There are specific weapon systems that exist and their only purpose is to kill millions of people.  In those cases, the means and intent are one in the same.  I agree with the point in your second paragraph, however.  Perhaps our society is more violent because we have the technology to be more violent.

Your bow and arrow example is apt.



> There is a world of difference between watching something on television and seeing something firsthand. Your use of the term "witness" is rather liberterian, in my opinion.


 
Witness 



> You talk about the modern "desensitization" to violence, but this is in large part disingenous. Western societies during the Dark Ages saw far more daily violence than we do today, comparable to current living conditions in southern Africa or the Middle East.


 
I disagree.  First of all, I have yet to see a study that definitively shows how much violence someone in the Dark Ages actually saw.  Secondly, the amount of violence that a person could witness was limited by population.  In today's interconnected world, where we can access vast samples of people at the speed of light, I would say that we have far more potential to witness violent acts.  

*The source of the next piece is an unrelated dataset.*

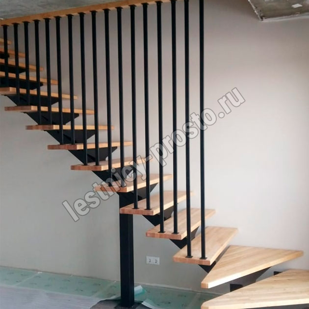 Лестница PROSTO MONO Г-образная h315 см, ступени лиственница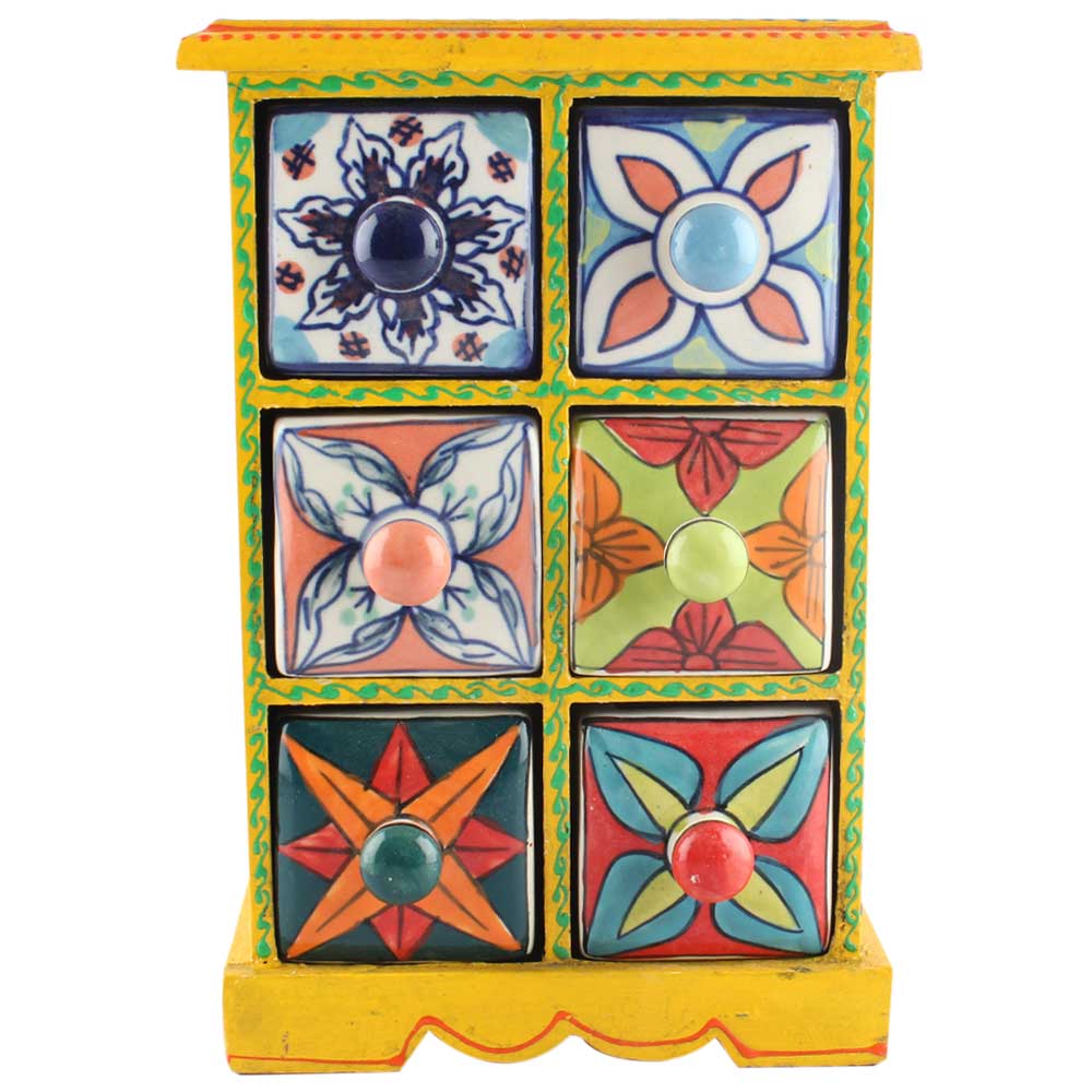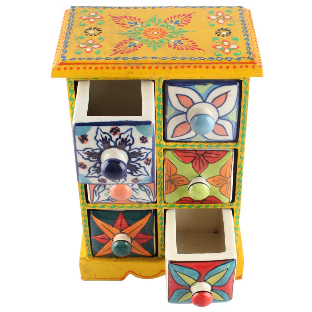 Spice Box-1125 Masala Rack Container Gift Item. Ceramic Drawers in Wooden Frame. The Spice Boxes are designed with different patterns. These boxes are made using natural wood which does not harm the purity of spices.

> Watching a fuzzy clip of someone being killed off-camera on CNN is a completely different thing than seeing your friends and family massacred before your eyes by Inquisitorial soldiers, after all. There is no censorship or sliding subtitles there.


 
This is true, but, due to the limitations of population and technology, I would say that this sort of thing is far more common in the modern age.



> Dude, you're preaching to the choir.


 
My thesis in this discussion is this...FPS games, violent media, etc have an effect.  They desensitize us to violence.  And this is related (notice, I did not say cause) to a number of phenomenon.  Our acceptance of the military industrial complex.  Our _blase_ attitude toward real violence.  Our decisions to elect leaders who propagate this system.

You would not believe how many _children_ I've spoken to who claim that the solution to the Iraqi "problem" lies in bombing them with nukes.

I wish, I really wish that I could show them actual pics of that without losing my job...

And that is also a result of the desensitization...


----------



## 5-0 Kenpo (Dec 4, 2006)

For those that don't believe that video games have an effect on children and violence, I would suggest that they read "On Combat" by Col. Dave Grossman.  Or read related article on www.killology.com


----------



## heretic888 (Dec 4, 2006)

Okay, back on topic....



upnorthkyosa said:


> My thesis in this discussion is this...FPS games, violent media, etc have an effect. They desensitize us to violence.


 
In case anyone has a misunderstanding here, I do not dispute this.

What I do dispute, however, is the strength of this effect. There are a number of variables that influence the prevalence of violence in society, video games probably being the least significant of them. I am much more concerned with the easy access of violent weapons in society, the dangerous imbalance between socioeconomic class, our endorsement of capital punishment, and our willingness to go to war with other countries than I am with video games. In fact, I would argue that _every_ one of those other variables produce more violent tendencies than playing video games will (barring a few exceptions).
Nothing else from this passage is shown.